Below is an interesting set of observations made by a fellow legal practitioner-
THE Companies Act 2016 (Act 777) and The
Companies Commission (Amendment) Malaysia Act will come into operation
on Jan 31 this year. There are two major exception provisions found in
Division 8 (Corporate Rescue Mechanism) relating to corporate voluntary
arrangement and judicial management (JM) which is pursuant to S.1(2)
where the Minister “may appoint different dates for its coming into
operation”.
The Winding Up provisions Pt IV (Cessation of Companies) will also be effective as of Jan 31.
However the existing Winding Rules which was
passed under the 1965 Act will still be applicable (reliance is placed
on S.35 (2), Interpretation Act).
There will be a new set of Company Regulations 2017.
This new Act replaces the 1965 Act which has
governed for over 50 years the rules and framework of business
organisation that has sought limited liability status.
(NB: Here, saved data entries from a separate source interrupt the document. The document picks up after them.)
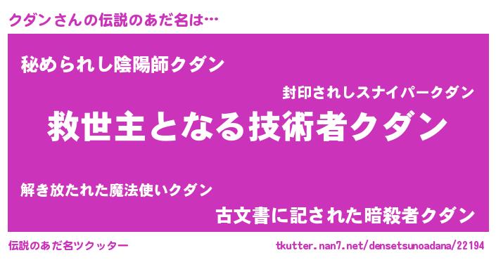 | 男性向けラノベタイトル風あだ名 | 『クダンに滅ぼされるだけの簡単なお仕事です』 |
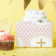 Communion Pink with Gold Polka Dots. This beautiful and elegant First Holy Communion design is featured in a gold polka dot and pink background with a delicately place golden cross. Cherish the great memories of your child’s first holy communion with this beautiful design. Check out the matching First Holy Communion accessories, stationery, and communion gifts.
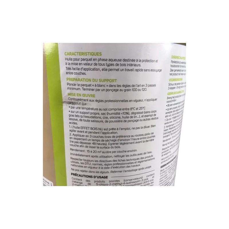 Caractéristiques et destinations : - Huile parquet en phase aqueuse destinée à la protection et à la mise en valeur de tous types de bois intérieurs (boiseries, plinthes...) neufs ou anciens sur toutes essences de bois - Pour les bois difficiles ou rares (exotiques...) consulter notre service technique. - Aspect Effet Bois Nu pour une finition tendance. - Finition huilée qui permet de conserver la beauté naturelle du bois touten le protégeant des taches et de l'usure. Toucher bois. - Facile d'utilisation : 1 seul égrenage entre la 2ème et la 3ème couche. - Seulement 25 g/ L de COV. - 3 couches applicables en une journée.
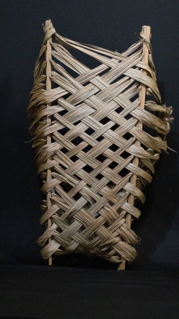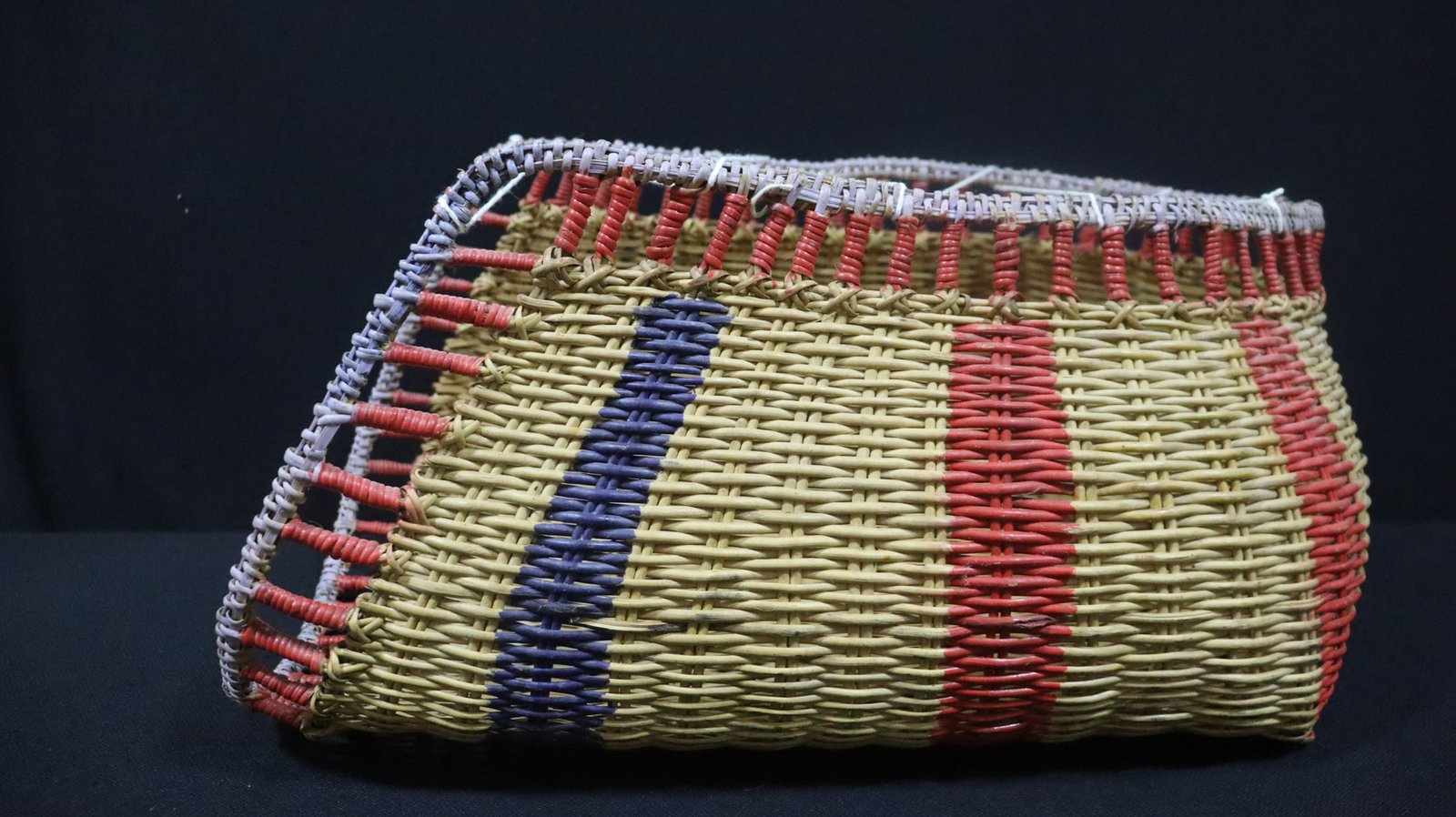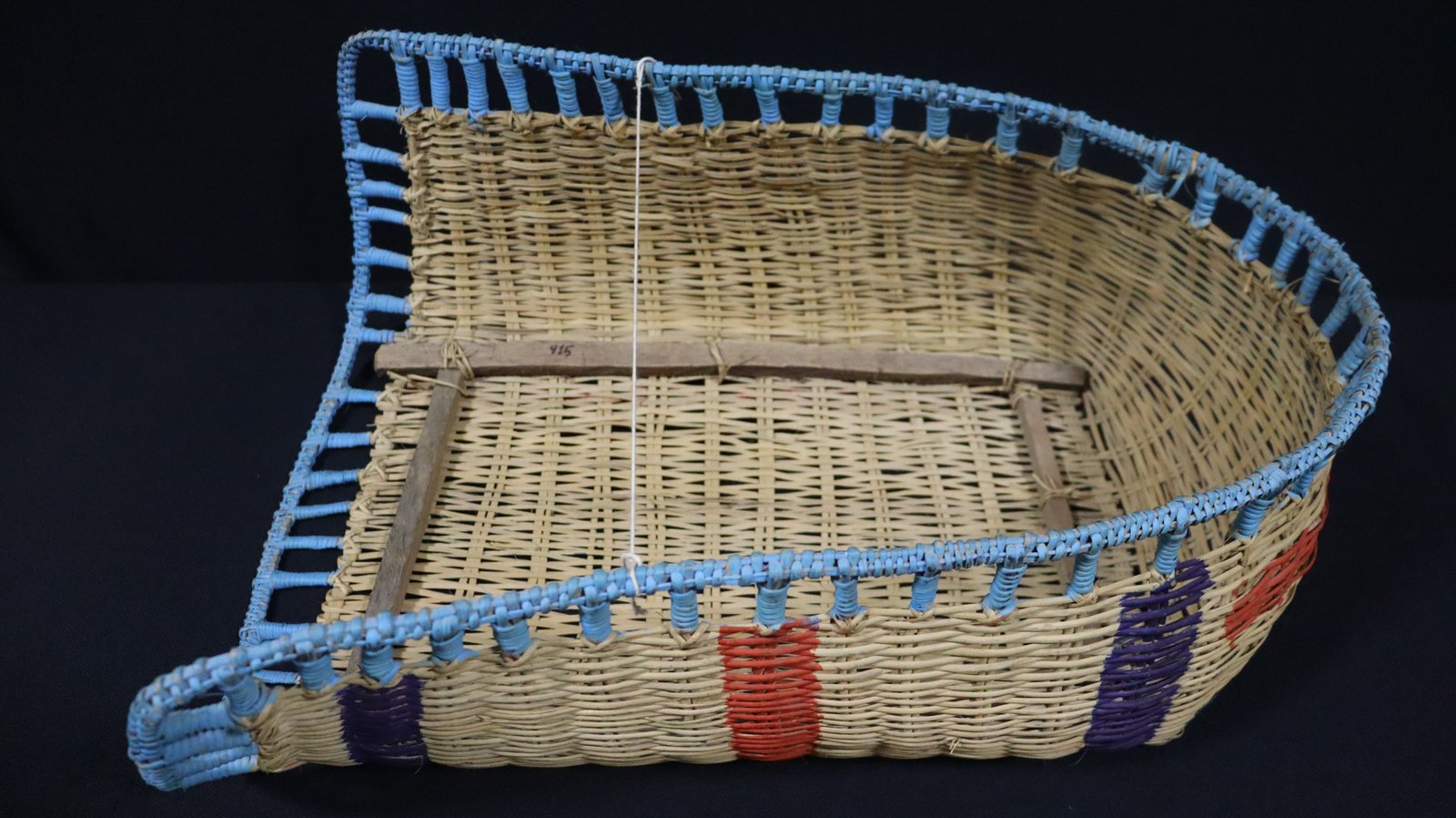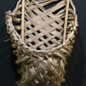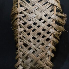 Jamaxim confeccionado com tala de guarumã segundo a técnica do trançado quadricular e acabamento da borda com trança.
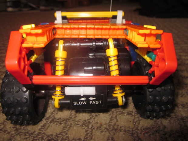 por fin está aquí las instrucciones!Paso 1: El chasis Construir esta la Base del cochePaso 2: El eje trasero y suspensión Construir estaPaso 3: Parachoques trasero y Spoiler trasero Make ThisPaso 4: Cubierta de motor Las barras naranja son las barras

In the 617 provisions of the Act 777 (the
old Act has only over 350 provisions) inter alia major new areas that
has been reformed include:
- one shareholder entity,
- setting up a company without a constitution,
- non-application of doctrine of constructive notice,
- no par value shares,
- solvency test,
- liberalisation of financial assistance prohibition for company to purchase its own shares,
- continuing enhancement of directors’ duties and governance responsibilities,
- AGM for private companies can be dispensed with;
- provision for convening of a meeting of members at more than one venue by use of technology,
- proxy can be appointed without them having qualifications (eg advocate, approved company auditor),
- approval for directors remuneration,
- share buyback regime amendments.
In terms of enforcement regime the Act 777
introduced civil and administrative proceedings for selected types of
breaches of the Companies Act alongside penalty sanctions. Such
sanctions to be imposed against the officers as personal liabilities.
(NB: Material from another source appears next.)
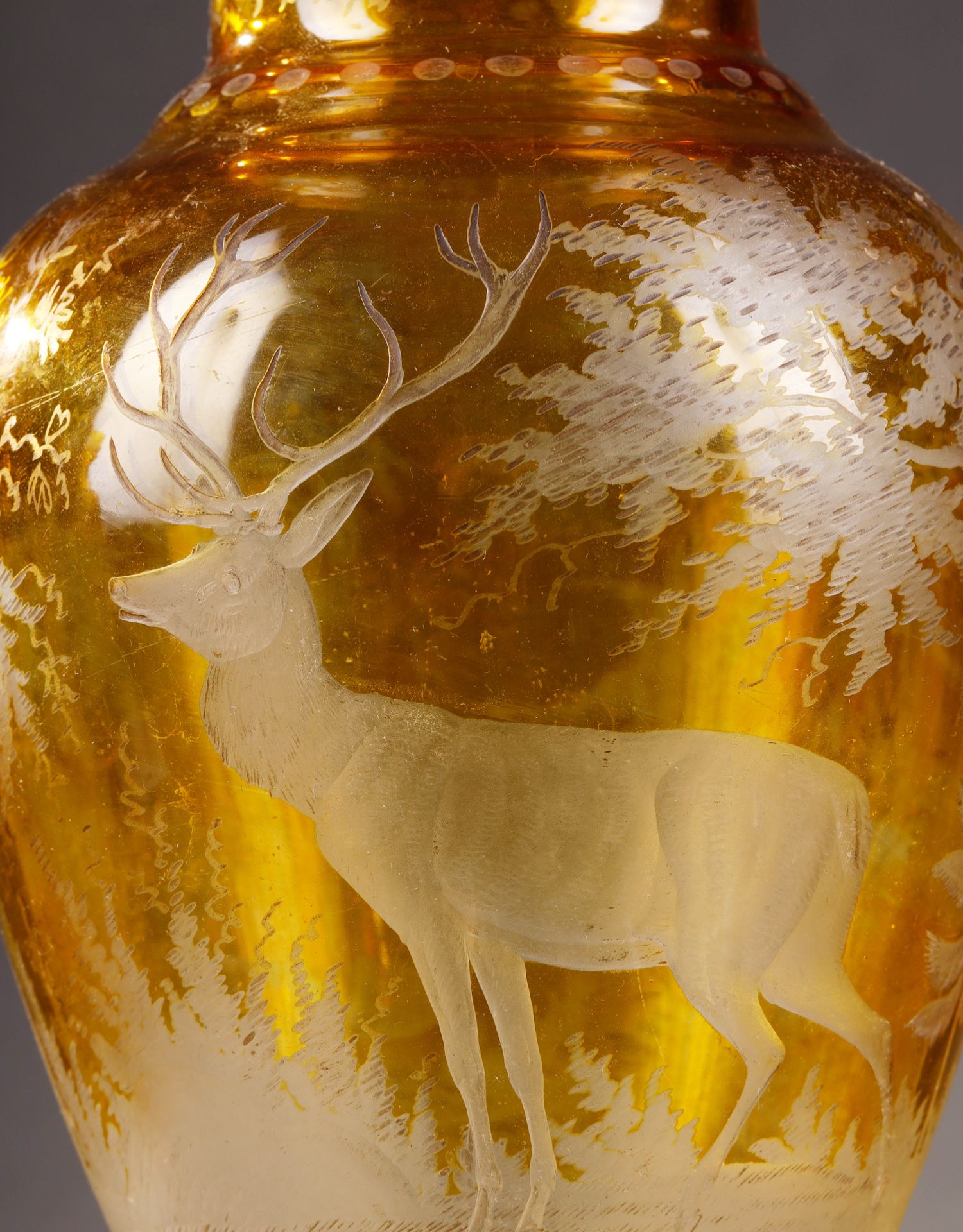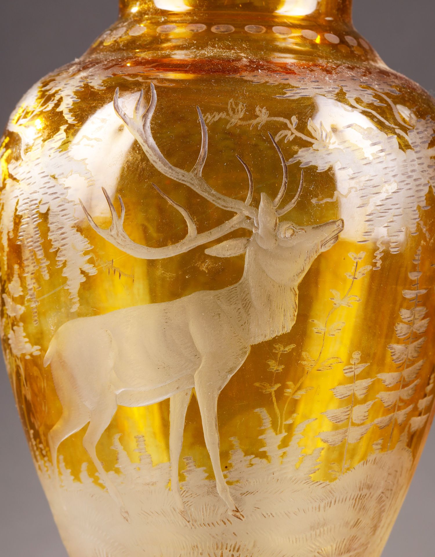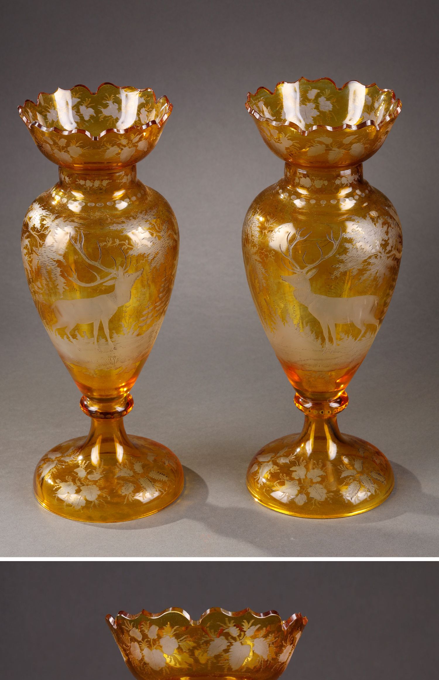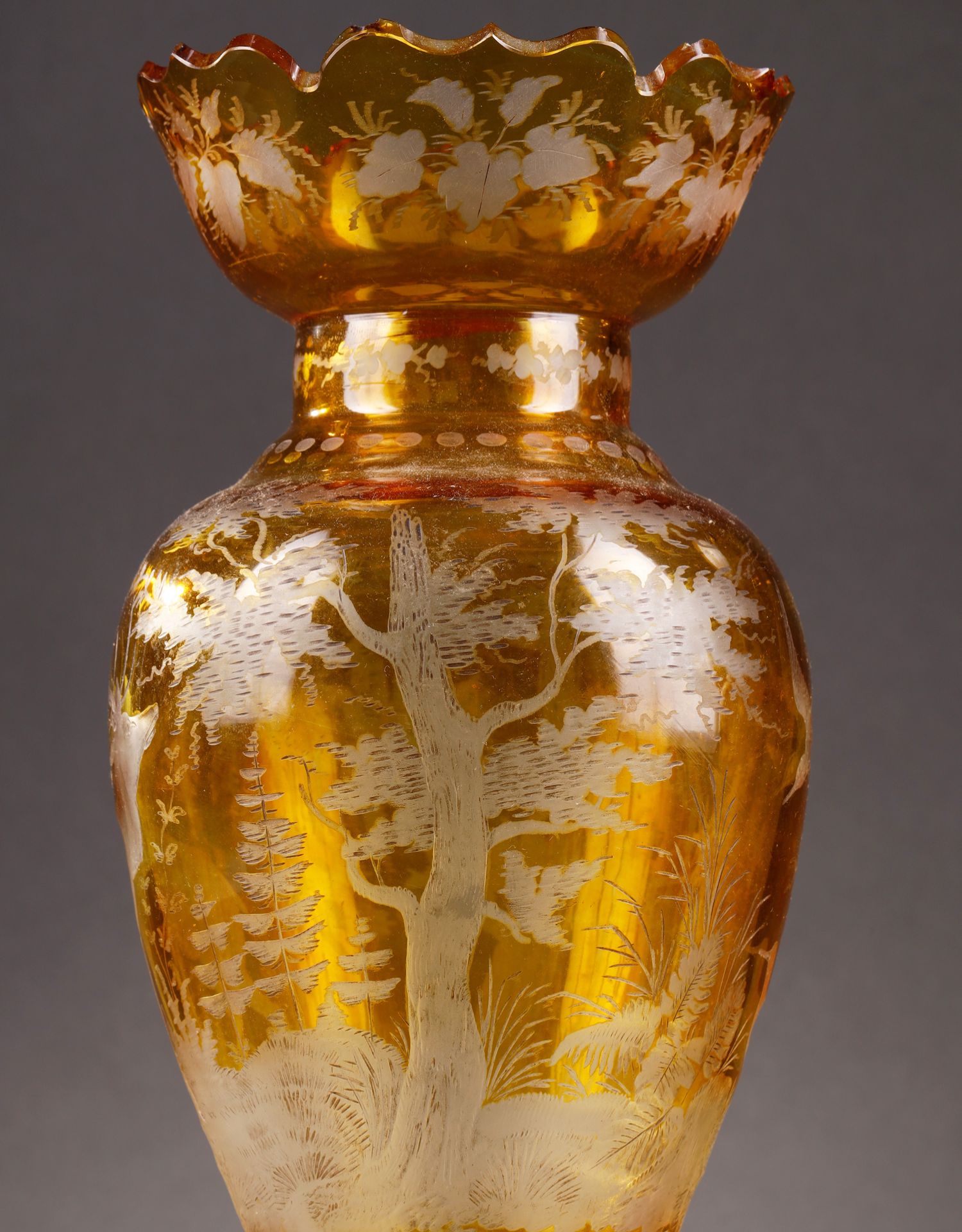 独角鹿西洋古董波西米亚地区林中鹿主题琥珀色波西米亚水晶花瓶

Act A1478 also introduces a plethora of
provisions enhancing to levying of compound fines on offenders who
contravenes provisions of Act 777. Also significant is the introduction
of the presumption that officers who are in management control could
also be fastened with personal liabilities if a company has been found
to have committed a company law offence unless the officer could rebut
the presumption.
Business people will baulk at the length of
company laws and this is before taking into account stock exchange
regulatory rules, corporate governance codes, accounting standards and
practices issued by various boards and bodies.
Company laws are not known to be brief legislation. But is brevity an end in itself?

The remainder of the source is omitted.